Das internationale Geographen-Team widmete sich unter anderem dem Umfeld eines neu entdeckten antiken Gebäudes östlich von Bergama im Schwemmland des Kaikos (Bakır Çay) und seiner Zuflüsse (mehr dazu hier). Dieser Befund könnte in Zukunft eine neue Basis für die Bewertung von Naturkatastrophen als Faktoren bei der Transformation der Siedlungsstruktur in der Mikroregion Pergamon bieten.

Solche und zahlreiche andere Themen wurden am 7. November 2020 beim zweiten „Werkstattgespräch“ von TransPergMikro mit über 35 Teilnehmer*innen der Videokonferenz diskutiert (Programm). Die interne Veranstaltung diente dem ersten interdisziplinären Austausch von Ergebnissen, die während der diesjährigen Arbeitskampagne und bei der Analyse von Probenmaterial aus dem Jahr2019 erzielt werden konnten.

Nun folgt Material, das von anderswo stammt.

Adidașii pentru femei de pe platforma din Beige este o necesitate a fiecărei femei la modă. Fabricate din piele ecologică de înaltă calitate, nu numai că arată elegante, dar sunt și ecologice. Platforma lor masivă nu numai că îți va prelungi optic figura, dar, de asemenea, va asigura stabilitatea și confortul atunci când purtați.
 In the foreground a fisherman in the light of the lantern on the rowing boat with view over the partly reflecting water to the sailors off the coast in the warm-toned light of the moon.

Diese knappe Präsentation eines Ausschnitts der vielfältigen Aktivitäten im Rahmen der DAI-Pergamongrabung und von TransPergMikro soll mit den Maßnahmen im Bereich von Baudenkmalpflege und Kulturerhalt schließen. Ein echter Meilenstein konnte mit dem Abschluss der langjährigen Arbeiten zur Restaurierung und Musealisierung der Roten Halle von Pergamon (Abb. 16) erreicht werden (mehr dazu hier). Mit der Wiederherstellung eines historischen Geschäftshauses aus dem 19. Jahrhundert in der Altstadt von Pergamon (Abb. 17. Förderung durch die Gerda Henkel Stiftung) soll für die Bewohner*innen des ehemaligen Griechenviertels unterhalb des Grabungshauses ein neuer Ort der Austausches und der Begegnung mit touristischen Besucher*innen geschaffen werden. Wir hoffen, dass wir die Eröffnung nach Ende der Pandemie mit einem ortsüblichen Nachbarschaftsfest feiern können.

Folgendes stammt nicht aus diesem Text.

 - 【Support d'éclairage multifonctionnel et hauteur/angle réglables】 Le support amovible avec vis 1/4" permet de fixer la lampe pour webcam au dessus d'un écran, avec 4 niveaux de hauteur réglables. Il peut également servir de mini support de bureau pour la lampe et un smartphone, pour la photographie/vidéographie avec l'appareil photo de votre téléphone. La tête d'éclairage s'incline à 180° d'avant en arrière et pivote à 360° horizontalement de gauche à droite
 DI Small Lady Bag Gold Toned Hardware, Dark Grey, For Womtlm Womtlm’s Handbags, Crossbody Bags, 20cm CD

Unser besonderer Dank gilt allen Teilnehmer*innen der diesjährigen Kampagne für ihr weit überdurchschnittliches Engagement und Verantwortungsbewusstsein. Dem Ministerium für Kultur und Tourismus der Republik Türkei danken wir für die Genehmigung unserer Arbeiten, den drei Regierungsvertreter*innen für ihre kollegiale Unterstützung. Gleiches gilt für die Leitung des Museums Bergama und die Stadtverwaltung Bergama. Last but not least sei den Förderern der Pergamongrabung gedankt, ohne deren Großzügigkeit und Vertrauen unsere Arbeiten nicht möglich wären.